Testing Numeric Metrics

See package-extension-requirements.md#testing-requirements for comprehensive testing guide.

Reference test files: - Standard tests: tests/testthat/test-num-mae.R (correctness, NA handling, weights) - Edge cases: tests/testthat/test-num-huber_loss.R (parameter validation, robustness)

Key tests for numeric metrics

test_that("calculations are correct", {
  df <- data.frame(
    truth = c(1, 2, 3, 4, 5),
    estimate = c(1.1, 2.2, 2.9, 4.1, 4.8)
  )

  # Calculate expected value by hand
  expected <- mean(abs(df$truth - df$estimate))

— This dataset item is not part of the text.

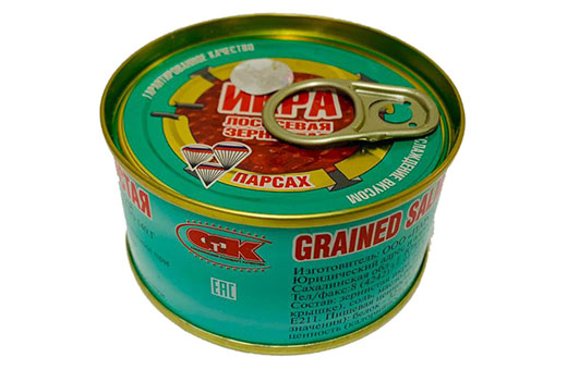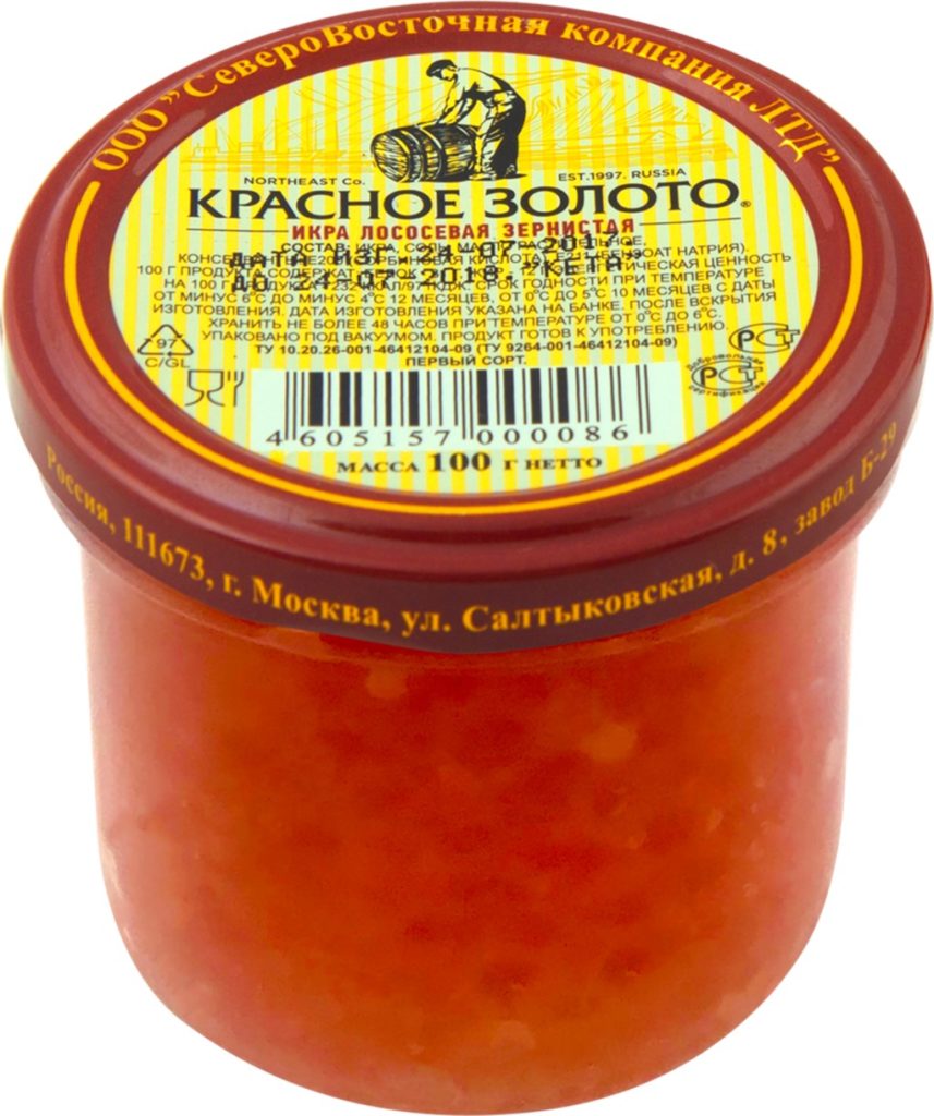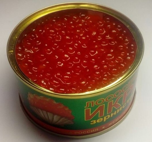 Produit délicieux, modérément salé, n'a pratiquement pas d'œufs éclatés. Pas d'odeur forte, goût agréable. Les indicateurs microbiologiques répondent aux exigences établies. Pays d'origine : Russie. Prix moyen : 400 roubles.

  expect_equal(mae_vec(df$truth, df$estimate), expected)
})

test_that("perfect predictions give zero", {
  truth <- c(10, 20, 30, 40, 50)
  estimate <- c(10, 20, 30, 40, 50)

  expect_equal(mae_vec(truth, estimate), 0)
})

test_that("case weights work correctly", {
  df <- data.frame(
    truth = c(1, 2, 3),
    estimate = c(1.5, 2.5, 3.5),
    weights = c(1, 2, 1)
  )

  # Weighted calculation
  expected <- weighted.mean(abs(df$truth - df$estimate), df$weights)

  expect_equal(mae_vec(df$truth, df$estimate, case_weights = df$weights), expected)
})

File Naming

  • Source file: R/num-mae.R (or R/num-your-metric.R)
  • Test file: tests/testthat/test-num-mae.R

Use num- prefix to indicate numeric metrics.